Sequencing of exon 3 of the CTNNB1 gene revealed an activating mutation (S33F) in one of the tumor samples (Fig. 1). The tumor and adjacent normal tissue was obtained from a 63 years old female patient with cecal cancer and retroperitoneal mass. Our data thus indicate for the first time that β-catenin may play a role in the development of colorectal carcinoma and that activating mutations of the β-catenin gene may substitute biallelic APC inactivation in this tumor type in KSA.

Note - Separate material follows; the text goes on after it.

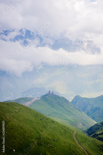© dinozzaver, Fototapeta premium Trinity church in Kazbegi, Georgia
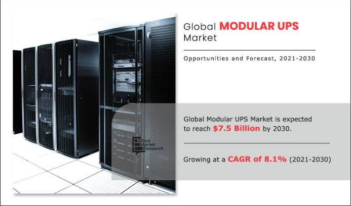 According to a new report published by Allied Market Research, The global modular UPS market size was valued at $3.5 billion in 2020, and modular UPS market forecast projected to reach $7.5 billion by 2030, with global modular UPS market forecast expected at a CAGR of 8.1% from 2021 to 2030.

The mutation at codon 33 changed serine, a hydrophyllic neutral amino acid to phenyalanine, a hydrophobic amino acid [TCT (Ser) TTT (Phe)]. It is noteworthy that this mutation was heterozygous as evidenced by the presence of double peak pattern in the chromatogram of the tumor DNA in codon 33. Sequencing analysis of the corresponding non-tumorous tissue did not reveal a mutation (Fig. 1).

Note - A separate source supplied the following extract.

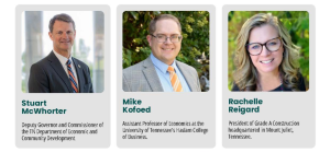 We invite you to attend the inaugural Economic Outlook Middle Tennessee forum, a collaborative event between Cumberland University and Wilson Bank & Trust. The event will feature a complimentary lunch alongside a panel discussion examining the present and projected economic landscape of Middle Tennessee, with particular emphasis on Wilson County. Our distinguished panel includes Stuart McWhorter, Deputy Governor and Commissioner of the Tennessee Department of Economic and Community Development, Mike Kofoed, Assistant Professor of Economics at the University of Tennessee Knoxville, and Rachelle Reigard, President of Grade A Construction based in Mount Juliet.

To determine the β-catenin protein expression level in tumor and the adjacent normal tissue, we performed immunohistochemical analysis on formalin-fixed, paraffin-embedded tissue using anti β-catenin monoclonal antibody. The tumor cells with the S33F mutation displayed an increased protein expression versus that in normal adjacent cells with wild type β-catenin protein (Fig. 2). The enhanced protein expression in S33F mutated tumor cells was localized to both cytoplasm and nuclei.
Discussion
β-catenin plays a key role in the Wnt signaling cascade.β-catenin is mutated in up to 10% of all sporadic colorectal carcinoma by point mutations or inframe deletions of the serine and threonine residues that are phosphorylated by GSK-3β [14]. These mutations result in stabilization of β-catenin and activation of WNT-signaling. Mutations in β-catenin occur in exclusivity to APC aberrations as both molecules are components of the same pathway [25]. It has been found that the cells containing a mutant APC have elevated β-catenin levels and 80% of colon cancers possess APC mutations [26]. β-catenin is assumed to transactivate mostly unknown target genes, which may stimulate cell proliferation (acts as an oncogene) or inhibit apoptosis. The β-catenin level in the cell is regulated by its association with the adenomatous polyposis coli (APC) tumor-suppressor protein, axin, and GSK-3β. Phosphorylation of β-catenin by the APC-axin-GSK-3β complex leads to its degradation by the ubiquitin-proteasome system [27, 28, 29]. Thus far three serines (S33, 37, 45) and one threonine (T41) are considered to be the substrates for GSK-3βphosphorylation. Indeed, these amino acids are regularly mutated in tumors, resulting in accumulation of β-catenin molecules with enhanced transcriptional activity [30].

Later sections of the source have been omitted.